Pas de doute: c'est du lourd, ça prend aux tripes et ça hante des heures après avoir lu, comme un alcool fort dont les arômes restent longtemps en bouche...

Je suis admiratif, parce que traiter de thèmes aussi sensibles relève souvent du funambulisme, et dans ton cas le texte est très bien maîtrisé, en suggérant l'horreur plutôt que de le brandir plus ou moins grossièrement sous le nez du lecteur. Du coup, on se retrouve forcément un peu dérangé, mais sans se sentir agressé.

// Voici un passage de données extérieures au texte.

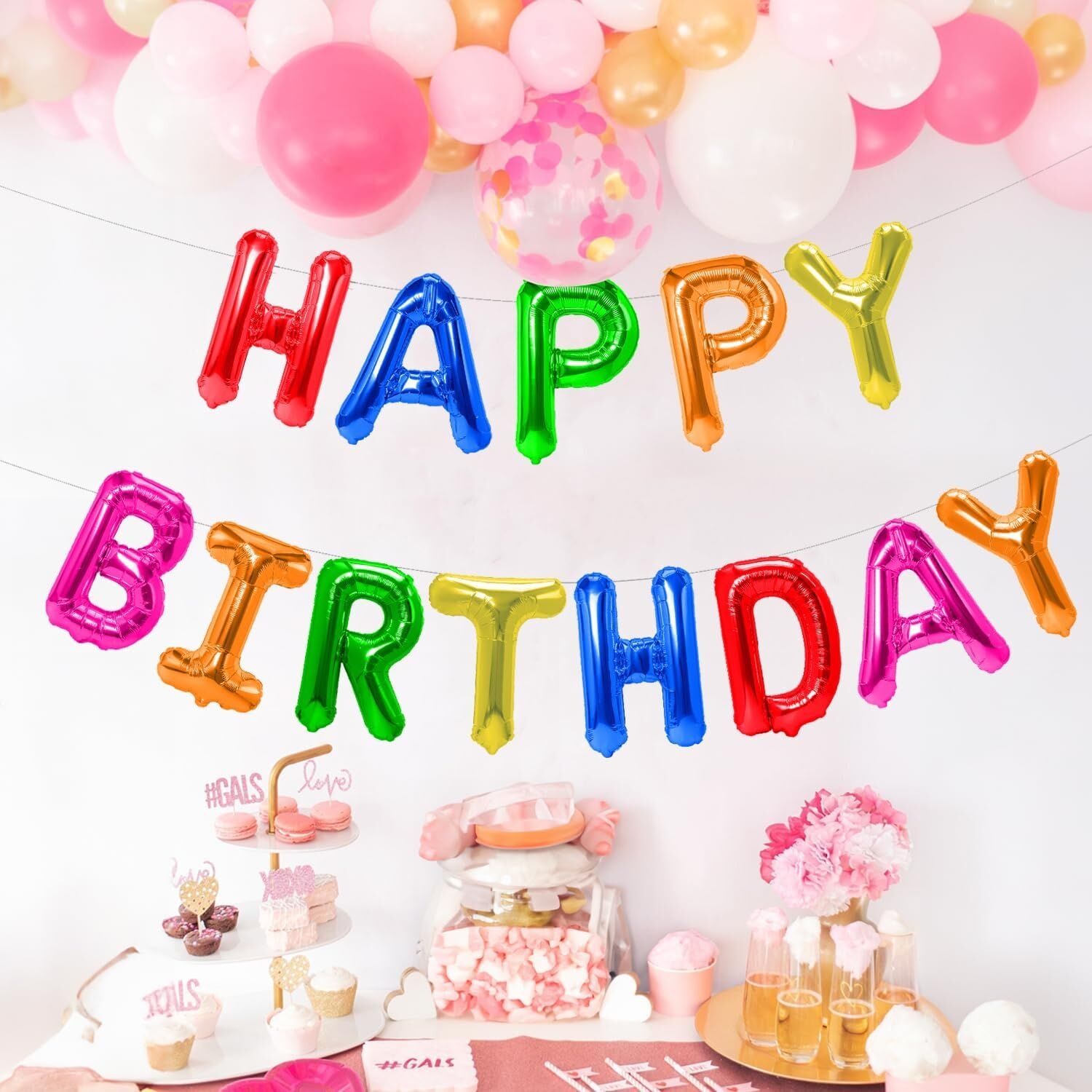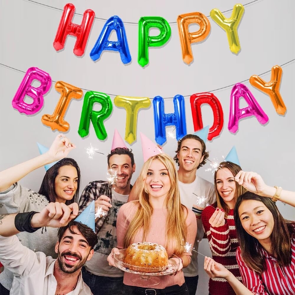 Beautiful and Colorful Design: A complete "HAPPY BIRTHDAY" foil balloon set in a variety of bright, vibrant colors to make your event shine.
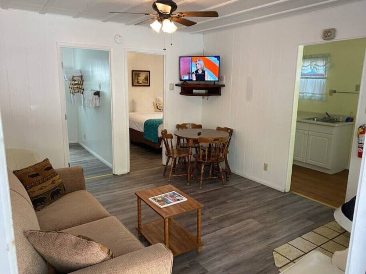 Take it easy at this unique and tranquil getaway. Located in a quiet alpine setting, Timber Have Lodge is located in Big Bear Lake, Ca. The rustically inspired log cottage suites have been the ideal family getaway for decades! (See trip advisor reviews) (#4) Is a boutique family cabin features a stone fireplace, fully equipped kitchen, living room, flat screen TV with Roku, heating and AC. The bedroom has a King bed and living room has a queen pullout sofa. Our prices include all fees. No hidden fees.
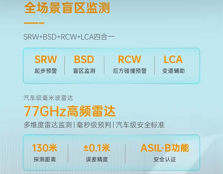 赛科龙RT250E在配置上实现了智能化,例如它的全场景监测,能够融合起步预警、盲区监测、变道辅助、后方碰撞预警四大功能,其探测距离可以达130m,拥有ASIL-BE安全认证。
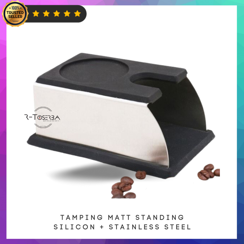 **Dear Customer Demi Kenyamanan dan Keamanan Anda, Silahkan baca deskripsi secara lengkap dan tanyakan stock sebelum membeli.**Tamping merupakan sebuah proses memadatkan bubuk kopi yang ada pada portafilter. Untuk memudahkan proses tamping, dibutuhkan tamper dan beberapa barista biasanya akan lebih mudah untuk melakukan proses tamping langsung di meja, oleh sebab itu disediakanlah mat untuk proses tamping sekaligus sebagai holder tamper.## FEATURES**Tamper Holder**Media khusus untuk menaruh tamper kopi ini terbuat dari silicone yang lembut serta tidak mudah slip pada bagian bawahnya, sangat cocok untuk para barista yang melakukan proses tamping di meja.**Compact Size**Tamper holder ini memiliki ukuran yang cocok untuk hampir semua ukuran meja.**Silicone Material**Tamper holder terbuat dari silikon yang membuatnya tidak mudah bergeser pada saat proses tamping.**PACKAGE CONTENTS**Barang-barang yang Anda dapat dalam kotak produk:1 x Tamping Mat Stainless Standing Tamping Stand Tatakan Tamper Large*Video tersebut hanyalah untuk ilustrasi fungsi dan penggunaan produk. Kami tidak menjamin barang kami 100% mirip dengan produk dalam video tersebut.***Perhatian!!!**Barang pecah belah/elektronik, kelalaian kurir (pecah,rusak,patah) kami hanya bisa bantu claim asuransi.Proses claim 2 minggu (TIDAK BISA RETUR / kembalikan uang), GUNAKAN ASURANSI JIKA ANDA RAGU. Sebelum kirim barang akan kami cek dan kami akan pack sebaik mungkin menggunakan kardus ganda jika anda tetap ingin menggunakan jasa kurir Reguler.~ Dengan membeli berarti anda menyetujui ~***Jika Anda setuju dan memberikan bintang dibawah 1-3 Akun Anda akan kami Report + Blo

Je ne vais pas répéter les commentaires que mes estimés co-lecteurs ont déjà rédigés et me contenterai de paresseusement les plussoyer. Néanmoins, je voudrais quand même relever un passage du texte qui m'a un peu sorti de ma lecture parce qu'il ne cadre pas, de mon point de vue, avec le reste:

J'ai mal, Lloyd, j'ai sangloté. Dis-moi où tu as mal. Je lui ai montré. Comme il avait fait pour chacune de mes plaies, il a mis sa tête entre mes jambes, et m'a embrassée pour faire partir la douleur.

Dans le reste du récit, tu évoques avec une certaine pudeur, presque de la délicatesse, la relation incestueuse de la narratrice et de son frère. Là, tout à coup, tu nous mets sous les yeux un épisode un peu trop explicite. Soyons bien d'accord: je ne veux pas jouer au puritain de service, je ne suis ni le shérif, ni Mrs Bergson :) mais bon, la narratrice vient quand même de se faire violer, et d'imaginer à ce moment son frère avec la tête entre ses jambes... Adieu jolie pudeur et délicatesse, là je trouve que ça devient tout à coup vraiment glauque, voire un peu crade, non? En plus, je ne trouve pas le "[il] m'a embrassée pour faire partir la douleur" très crédible.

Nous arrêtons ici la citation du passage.